=== Section Start ===

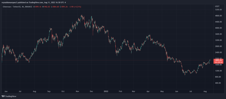 Ethereum is coming into heavy resistance north of $1,900 as the cryptocurrency attempts to push further into previously lost territory. Today, ETH core developers announced a tentative date for the upcoming “Merge” event set for September 15 to 16, 2022, which could bolster bulls’ attempts to climb higher.
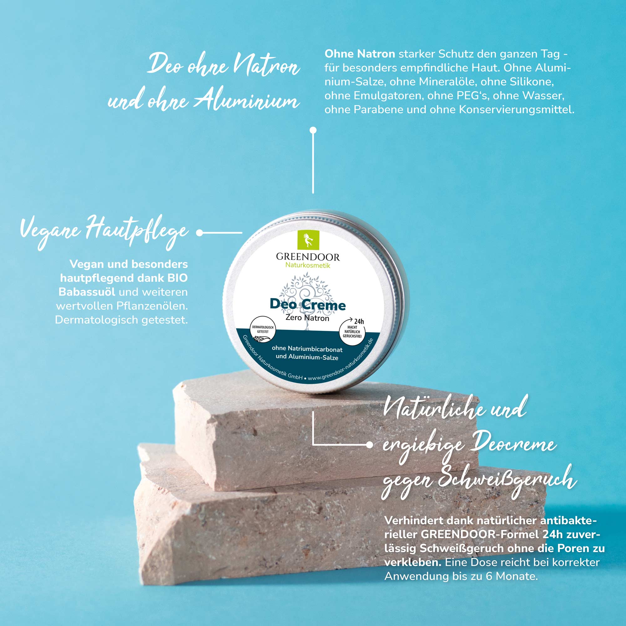 Der pflanzlich-mineralische Rohstoff Komplex schließt Geruchsmoleküle, die bei der Zersetzung von Schweiß entstehen, sicher ein und absorbiert diese. Pflegendes BIO Babassuöl, BIO Sheabutter und Mangobutter sorgen für eine extra zarte Achselhaut. GREENDOOR Deo Creme Zero Natron wirkt desodorierend, verhindert dabei nicht die natürliche Transpiration, die Haut kann normal atmen.
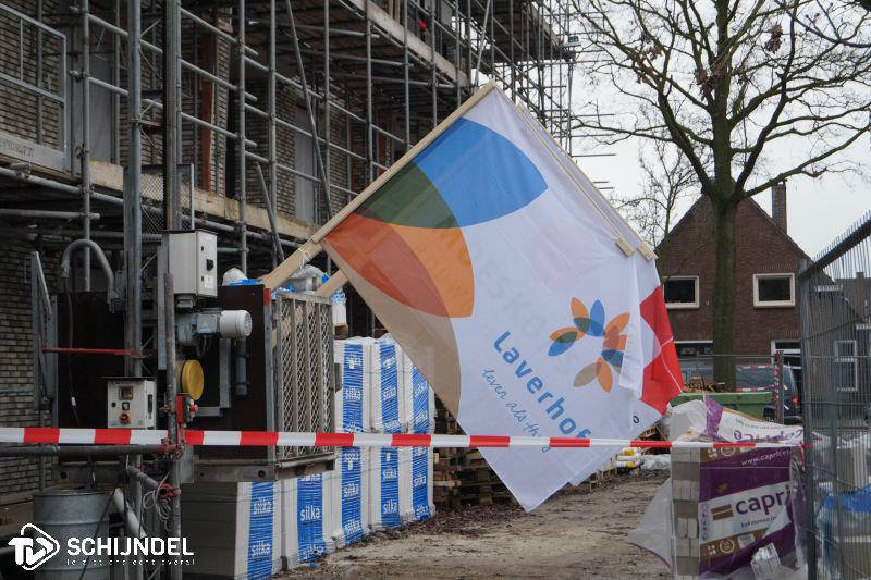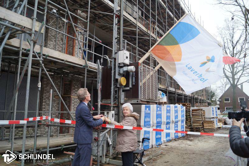 Schijndel - Vandaag is het hoogste punt bereikt van de nieuwbouw van de achtervleugel van het Mgr. Bekkershuis en daarom ging de vlag in top! Om aan de groeiende zorgbehoefte te voldoen worden hier momenteel 32 nieuwe appartementen gerealiseerd. De oplevering wordt verwacht aan het einde van het jaar. Het nieuwe gedeelte gaat 'Servaeshof' heten. Voor de naamgeving was een wedstrijd uitgeschreven. De gelukkige winnaar was Cindy van der Ven. TVSchijndel was bij het officiële moment aanwezig, hierbij mocht een van de toekomstig bewoners de knop indrukken van de bouwlift. Daarna gingen de vlaggen in top. Enkele foto's onder 'lees meer'.
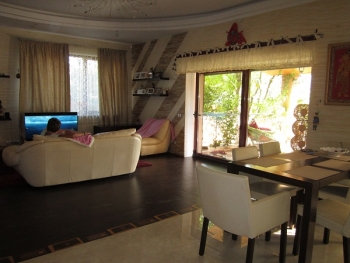 В доме на Большом Фонтане, выполненном вначале в индийском стиле, хозяйка захотела добавить романтики, не потеряв при этом связующего восточного звена. В гостиной и кухне-столовой мы повесили французские кружевные гардины, добавив петли-бантики из бордового и молочного атласов, а лестничный пролёт украсили австрийской шторой из золотистой органзы, декорировав нижний край кружевом и атласной бордовой окантовкой.

=== Section End ===

* **TASK REQUIREMENTS**: Reproduce the data above line for line, from its first line through the line containing "Der pflanzlich-mineralische Rohstoff", both ends included, with the pictures omitted and nothing more.

* **OUTPUT OF THE TASK**:
 Ethereum is coming into heavy resistance north of $1,900 as the cryptocurrency attempts to push further into previously lost territory. Today, ETH core developers announced a tentative date for the upcoming “Merge” event set for September 15 to 16, 2022, which could bolster bulls’ attempts to climb higher.
 Der pflanzlich-mineralische Rohstoff Komplex schließt Geruchsmoleküle, die bei der Zersetzung von Schweiß entstehen, sicher ein und absorbiert diese. Pflegendes BIO Babassuöl, BIO Sheabutter und Mangobutter sorgen für eine extra zarte Achselhaut. GREENDOOR Deo Creme Zero Natron wirkt desodorierend, verhindert dabei nicht die natürliche Transpiration, die Haut kann normal atmen.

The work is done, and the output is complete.